|MIT Department: Electrical Engineering and Computer Science
Faculty Mentor: Prof. Jacob Andreas
Undergraduate Institution: University of California, Berkeley
Website: Website, LinkedIn
I am currently a rising senior at UC Berkeley studying computer science and linguistics. I am also a first-generation immigrant whose parents fled from Sri Lanka during its civil war to live in the Bay Area. I love everything to do with language – how it works, how humans acquire it, and how it’s structured. I hope to pursue a Ph.D. focused on making language technology more accessible to those who speak understudied languages and uncommon dialects so that as natural language processing becomes more ubiquitous in everyday life, disadvantaged populations are not left behind. When I’m not studying or working in the lab, I spend my time teaching a lower division data structures class, baking, and playing Animal Crossing.

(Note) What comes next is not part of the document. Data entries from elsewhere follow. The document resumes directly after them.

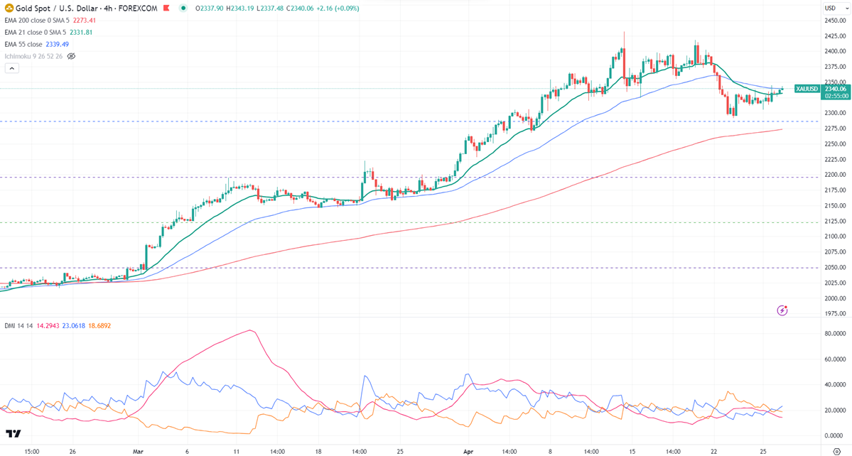 Gold showed a minor pullback on dismal US GDP data. It hit a high of $2344 yesterday and is currently trading around $2342.41.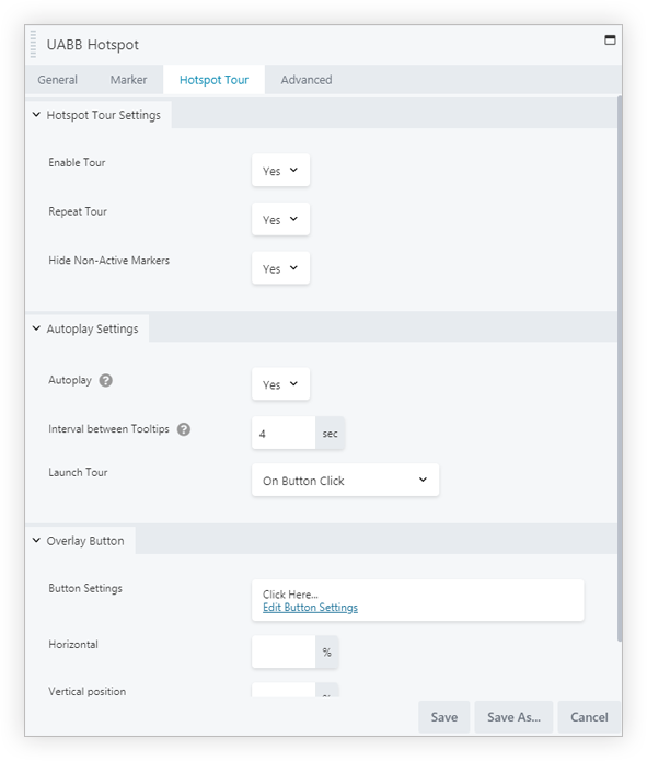tour on autoplay, you can decide when to start it. This option will allow a user to start the tour on the click of a button or when hotspot comes in the viewport. - Overlay Button: This will allow starting the tour if in the above option button click is selected. Once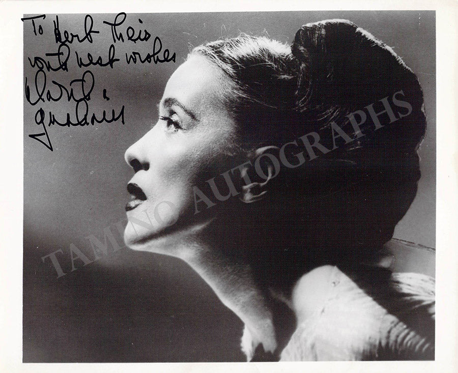 Fine black-and-white photograph signed and inscribed by her with a short sentiment; ink-stamped on verso by agent Sol Jurok. Size is 10 x 8.1 inches, in excellent condition.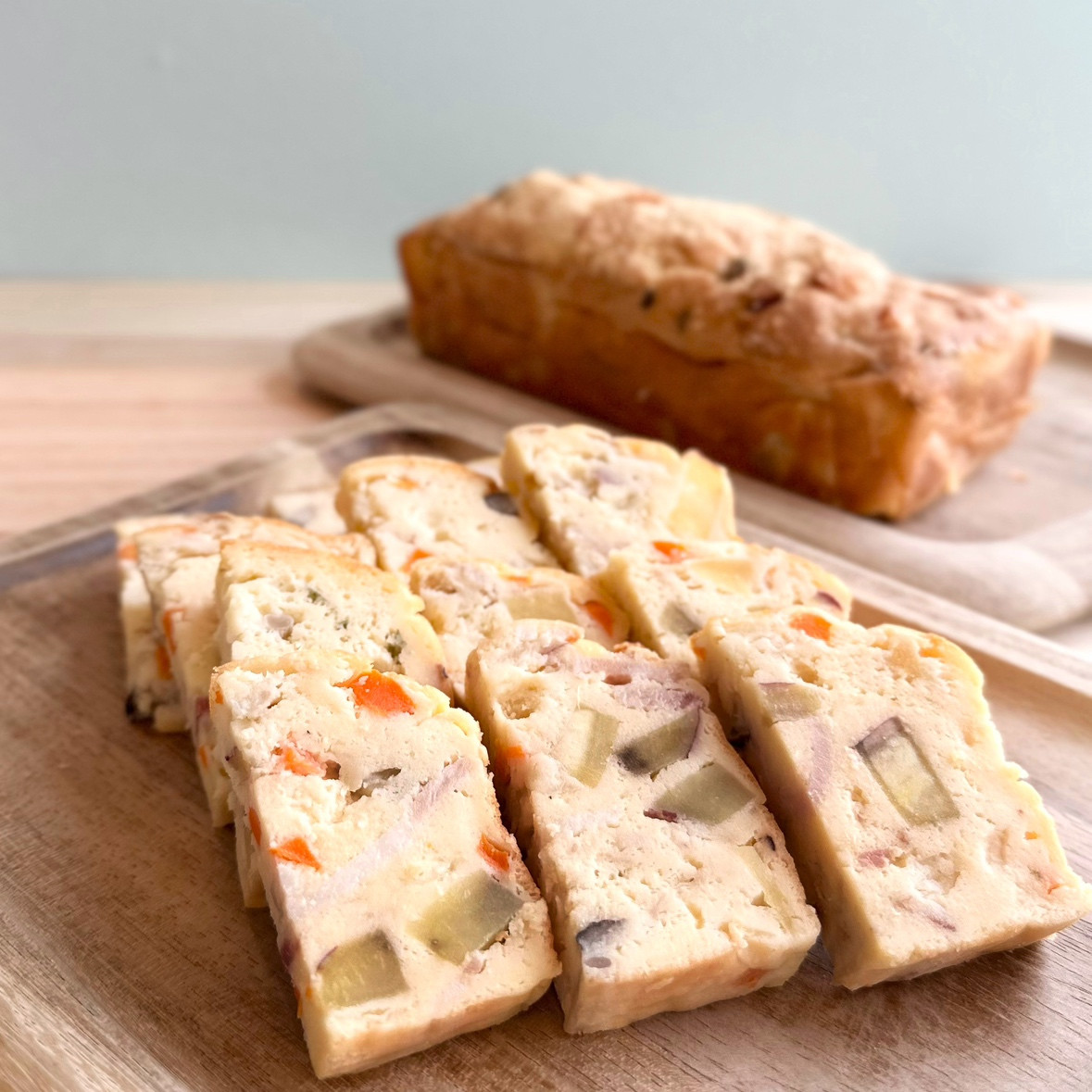 定番メニューとしてお出ししているケークサレ。その時々の季節のお野菜を混ぜ込んでいますが、今回はさつま芋としめじを入れてまた違った風味に仕上げてみました。米粉と豆乳を使用した優しい味わいの生地と、いろいろなお野菜の味を一緒に楽しめる一品です。(アレルギー:卵、乳、大豆、豚肉)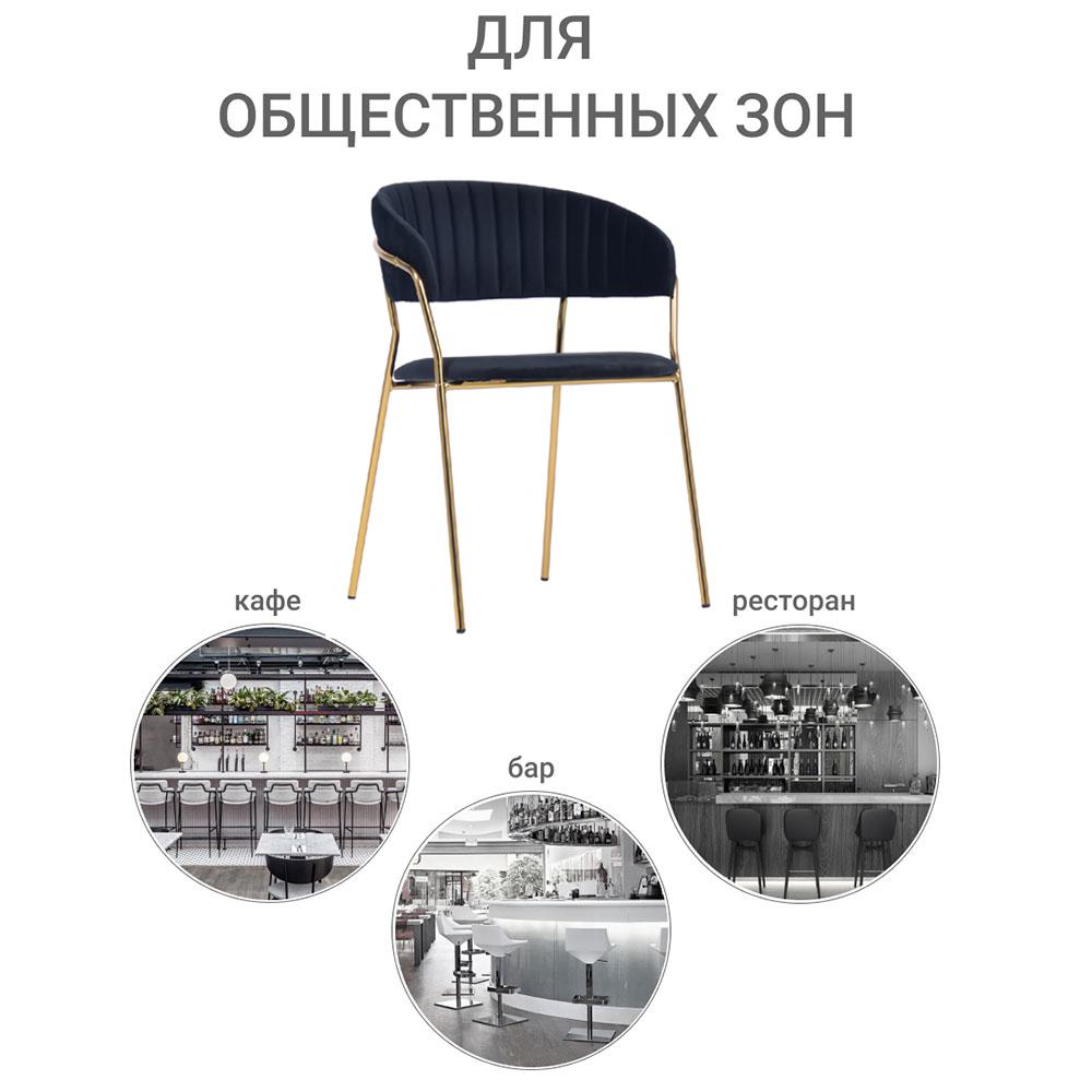 Элегантные золотые ножки из прочного металла создают эффектный контраст с сиденьем. Они придают конструкции визуальную легкость и повышенную устойчивость.

One-Shot Lexicon Learning for Low-Resource Machine Translation
Anjali Kantharuban1 and Jacob Andreas2
1Department of Electrical Engineering and Computer Science,
University of California, Berkeley
2Department of Electrical Engineering and Computer Science,
Massachusetts Institute of Technology
Machine translation is a task that entails translating natural language text with no human involvement. Advanced translation models allow people to communicate across language barriers. Current methods struggle to translate phrases that contain words that appear infrequently in the training data. Low-resource languages in particular are harmed by this because they have such little data that rare words may only be seen once. This has been partially addressed using the copy mechanism, which runs input tokens through a lexicon, or word-level translation table, and outputs them based on contextual information. These lexicons are either built manually, requiring human intervention, or using statistical methods, requiring many training samples. We propose a model which acts as an additional layer in a translation network and generates word alignments using the syntactic structure of training pairs. This model can both generate more accurate lexicons and better adapt to out of vocabulary tokens in new data. Most importantly, this model can allow translation networks to generate lexicon entries for words seen only once during training, improving one-shot translation. This can allow translation systems to better serve low-resource language speakers and show insight on how other tasks can be adapted to function with less data.